NDM-1 β-lactamase was also found in a K. pneumoniae isolate from Croatia, and the patient arrived from Bosnia and Herzegovina. The second geographical origin is considered to be eastern Balkans.[17]
In May 2010, a case of infection with E. coli expressing NDM-1 was reported in Coventry in the United Kingdom.[18] The patient was a man of Indian origin who had visited India 18 months previously, where he had undergone dialysis. In initial assays the bacterium was fully resistant to all antibiotics tested, while later tests found that it was susceptible to tigecycline and colistin. The authors warned that international travel and patients' use of multiple countries' healthcare systems could lead to the "rapid spread of NDM-1 with potentially serious consequences".
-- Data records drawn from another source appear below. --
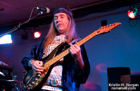 At 9:30, Uli Jon Roth and his band took the stage, with Uli wearing his trademark bandanna and turquoise baubles and sporting his signature “Sky Guitar,” a 30-fret, 7-string work of musical art. Kicking things off with a bang, the band tore into “All Night Long” from Tokyo Tapes, and the crowd was instantly enthralled, roaring approval. Vocalist Henning Basse was stunning, belting out the notes for all they were worth.
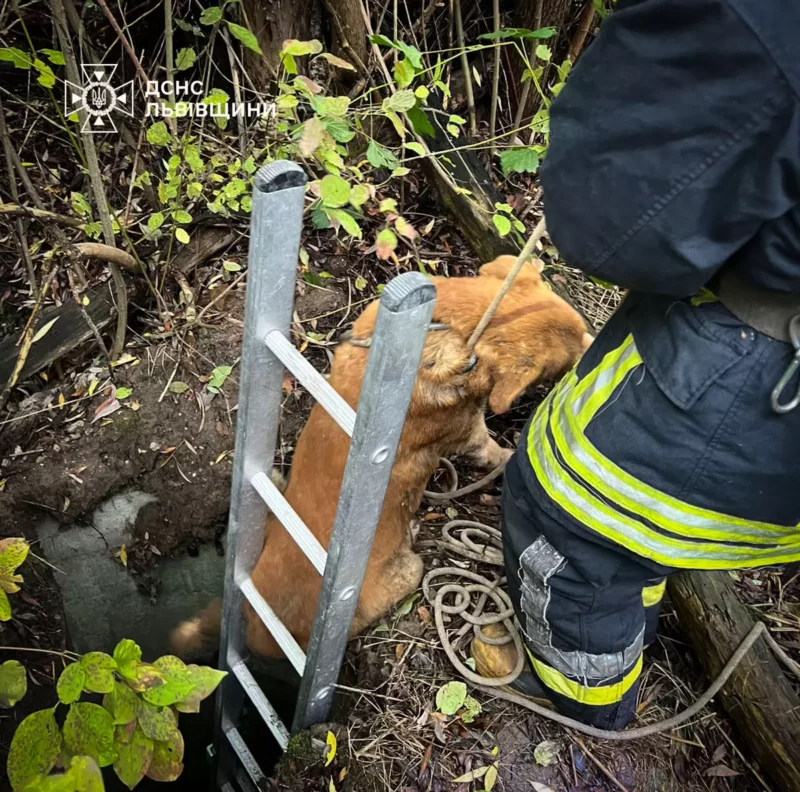 Тож надзвичайники за допомогою висувної драбини спустились в колодязь, а далі, обв’язавши пса рятувальною мотузкою, підняли на поверхню.
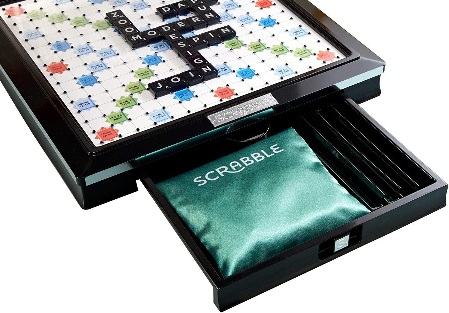 Mattel Scrabble Y9584 Deluxe Set Tile Lock Gameboard Easy Spin Turntable
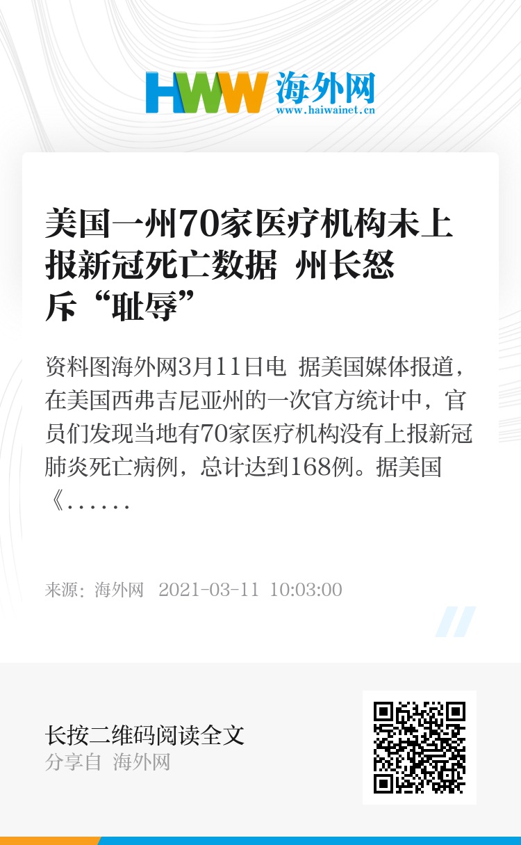 海外网3月11日电 据美国媒体报道,在美国西弗吉尼亚州的一次官方统计中,官员们发现当地有70家医疗机构没有上报新冠肺炎死亡病例,总计达到168例。
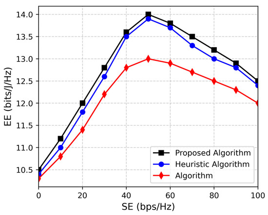 Figure 6 shows the EE- SE trade-off. We can perceive that as the throughput increases, EE also rises, but sharply decreases beyond a maximum. As throughput is a part of transmission power, a progressive increase in system throughput might cause larger power consumption as well. The maximum power consumption goes beyond SE, and the whole EE declines.

As of June 2010[update], there were three reported cases of Enterobacteriaceae isolates bearing this newly described resistance mechanism in the US, the Centers for Disease Control and Prevention (CDC) stated that "All three U.S. isolates were from patients having received recent medical care in India."[19] However, US experts stated that it is unclear as to whether this strain is any more dangerous than existing antibiotic-resistant bacteria such as methicillin-resistant Staphylococcus aureus, which are already common in the USA.[20]
In July 2010, a team in New Delhi reported a cluster of three cases of Acinetobacter baumannii bearing blaNDM-1 that were found in the intensive care unit of a hospital in Chennai, India, in April 2010. As previously, the bacteria were fully resistant to all the aminoglycoside, β-lactam, and quinolone antibiotics, but were susceptible to tigecycline and colistin. This particularly broad spectrum of antibiotic resistance was heightened by the strain's expressing several different resistance genes in addition to blaNDM-1.[21]
A study by a multi-national team was published in the August 2010 issue of the journal The Lancet Infectious Diseases. This examined the emergence and spread of bacteria carrying the blaNDM-1 gene. This reported on 37 cases in the United Kingdom, 44 isolates with NDM-1in Chennai, 26 in Haryana, and 73 in various other sites in Pakistan and India.[1] The authors' analysis of the strains showed that many carried blaNDM-1 on plasmids, which will allow the gene to be readily transferred between different strains of bacteria by horizontal gene transfer. All the isolates were resistant to multiple different classes of antibiotics, including beta-lactam antibiotics, fluoroquinolones, and aminoglycosides, but most were still susceptible to the polymyxin antibiotic colistin.
On 21 August 2010, Ontario, Canada, had its first confirmed case of the "superbug" in Brampton. There were other confirmed cases in British Columbia and Alberta.[22] These confirmed NDM-1 infected cases have no relationship with New Delhi, India. The patients or their relatives never travelled to India in the last decade.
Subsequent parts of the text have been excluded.